## Data for the task
·····

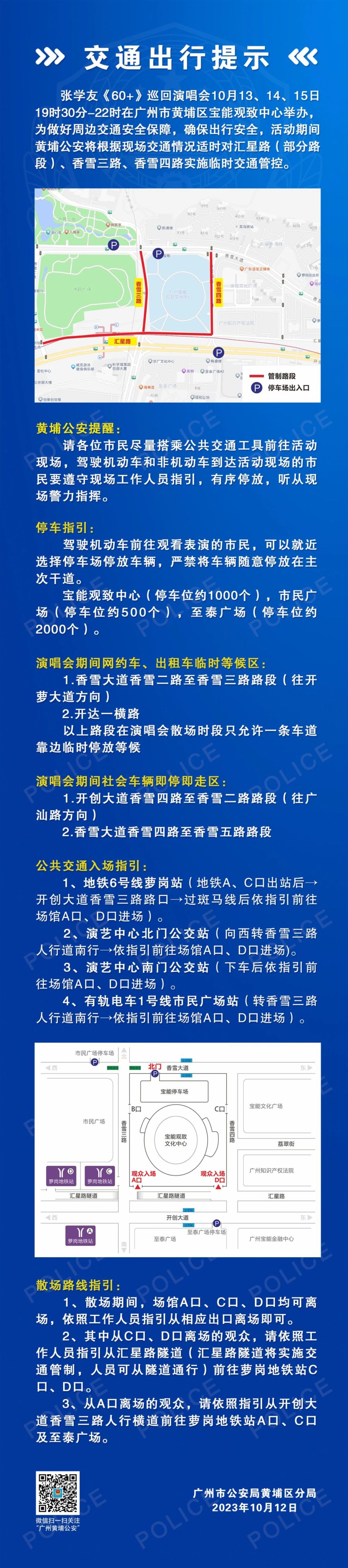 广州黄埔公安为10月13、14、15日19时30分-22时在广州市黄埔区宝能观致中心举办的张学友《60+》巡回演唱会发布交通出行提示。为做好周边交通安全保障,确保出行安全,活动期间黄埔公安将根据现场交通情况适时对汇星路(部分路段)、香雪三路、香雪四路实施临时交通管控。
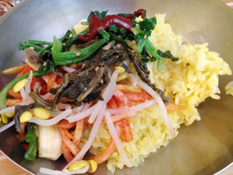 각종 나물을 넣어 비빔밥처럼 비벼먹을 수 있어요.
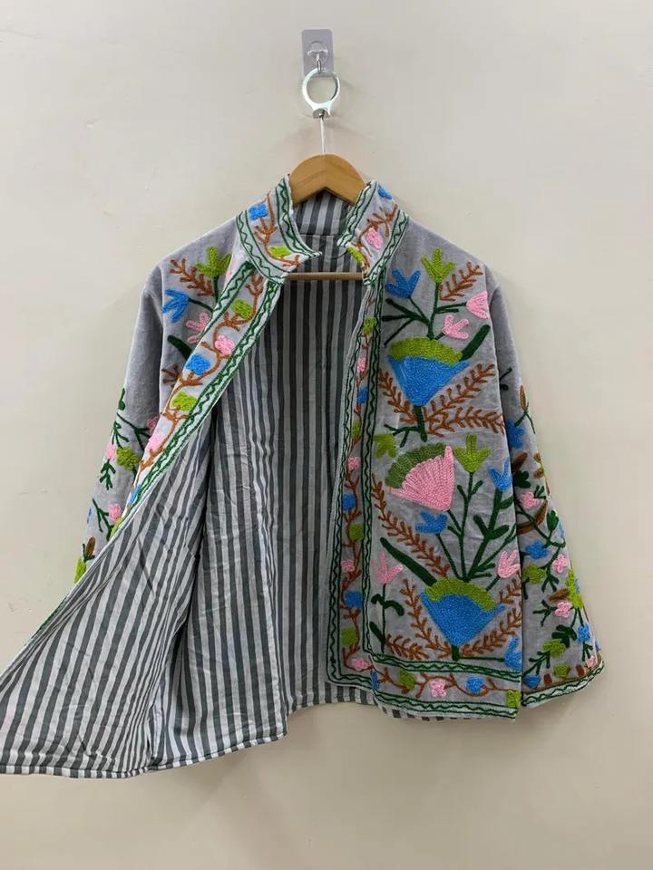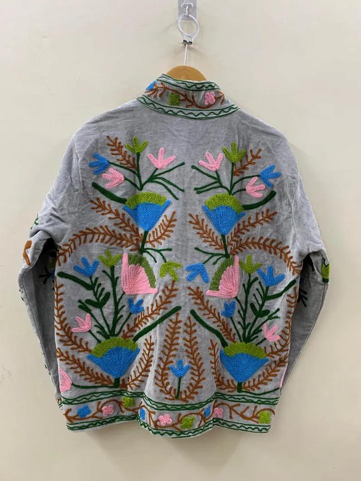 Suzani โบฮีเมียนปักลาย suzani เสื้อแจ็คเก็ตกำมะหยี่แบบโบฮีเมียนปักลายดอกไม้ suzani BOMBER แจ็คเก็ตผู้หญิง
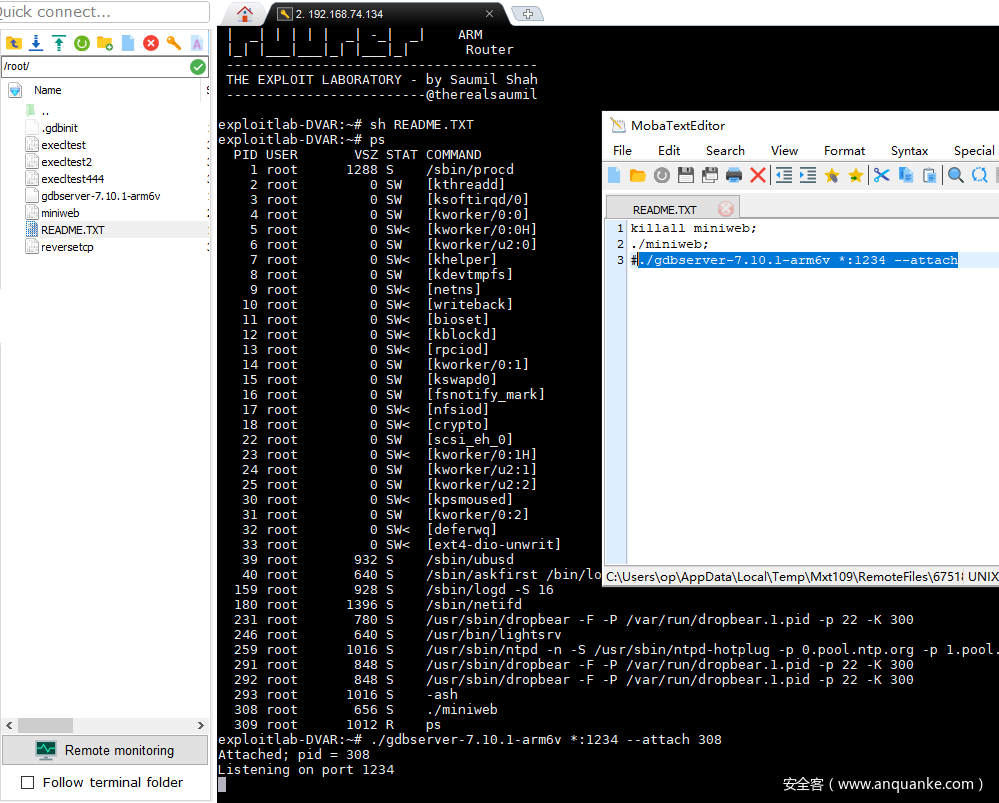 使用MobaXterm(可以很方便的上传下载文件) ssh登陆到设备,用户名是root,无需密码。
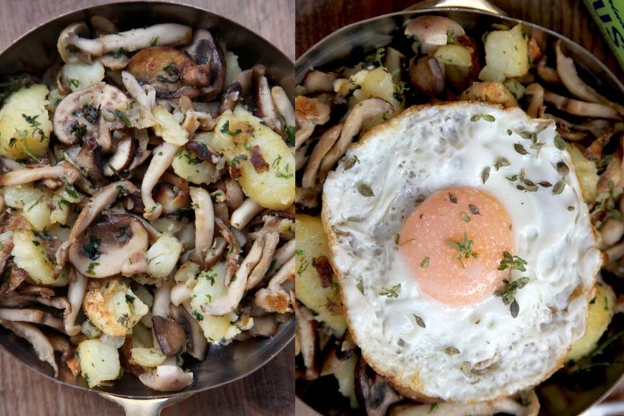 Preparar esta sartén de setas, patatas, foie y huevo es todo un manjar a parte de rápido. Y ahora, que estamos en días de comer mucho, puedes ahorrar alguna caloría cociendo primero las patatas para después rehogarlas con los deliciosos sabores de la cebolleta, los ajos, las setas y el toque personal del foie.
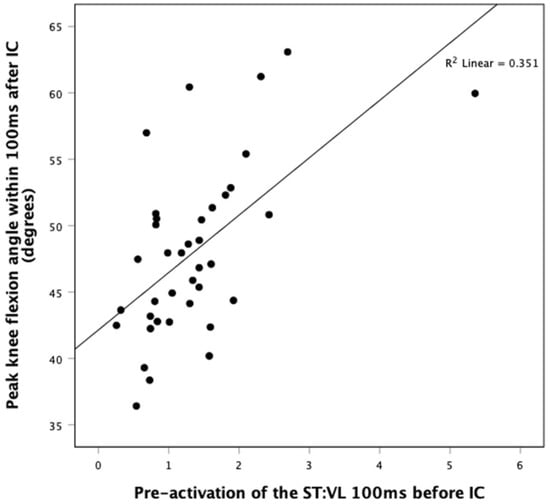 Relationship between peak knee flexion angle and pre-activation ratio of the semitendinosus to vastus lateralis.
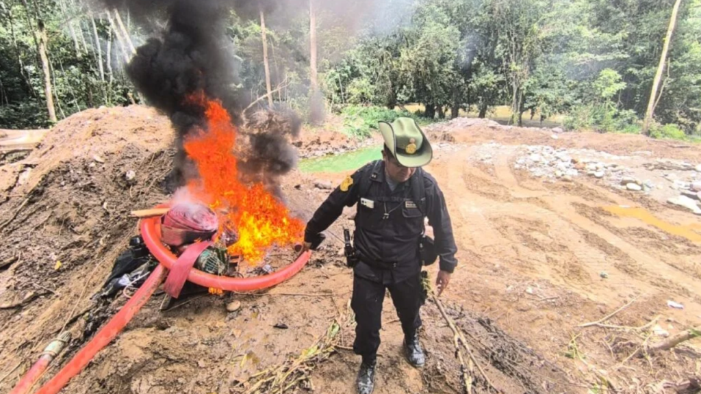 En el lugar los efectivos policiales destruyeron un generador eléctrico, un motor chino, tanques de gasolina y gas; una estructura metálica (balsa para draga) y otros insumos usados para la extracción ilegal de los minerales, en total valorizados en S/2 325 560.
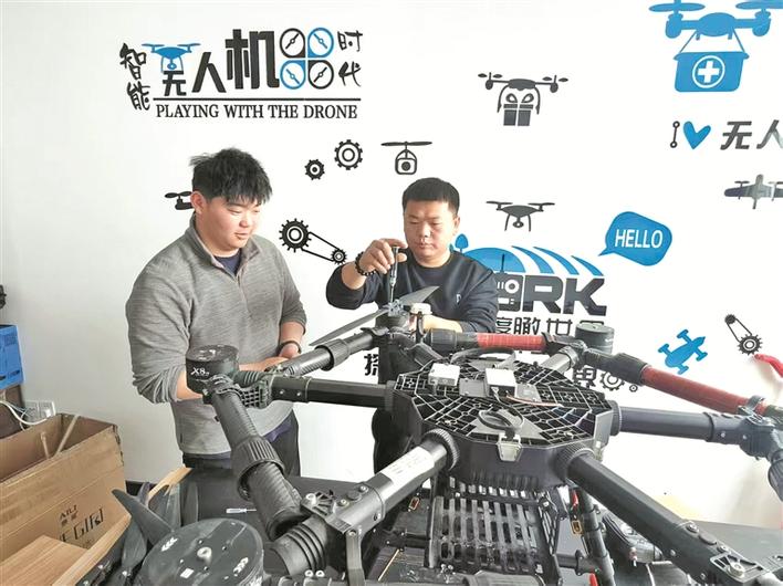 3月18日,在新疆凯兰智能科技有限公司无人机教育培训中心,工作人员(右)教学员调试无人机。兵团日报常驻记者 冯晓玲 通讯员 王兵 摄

·····

## Requirement
Output verbatim the lines beginning at the line with "En el lugar" and ending at the last line of the material above, inclusive. Do not carry over any pictures.

## Answer section
 En el lugar los efectivos policiales destruyeron un generador eléctrico, un motor chino, tanques de gasolina y gas; una estructura metálica (balsa para draga) y otros insumos usados para la extracción ilegal de los minerales, en total valorizados en S/2 325 560.
 3月18日,在新疆凯兰智能科技有限公司无人机教育培训中心,工作人员(右)教学员调试无人机。兵团日报常驻记者 冯晓玲 通讯员 王兵 摄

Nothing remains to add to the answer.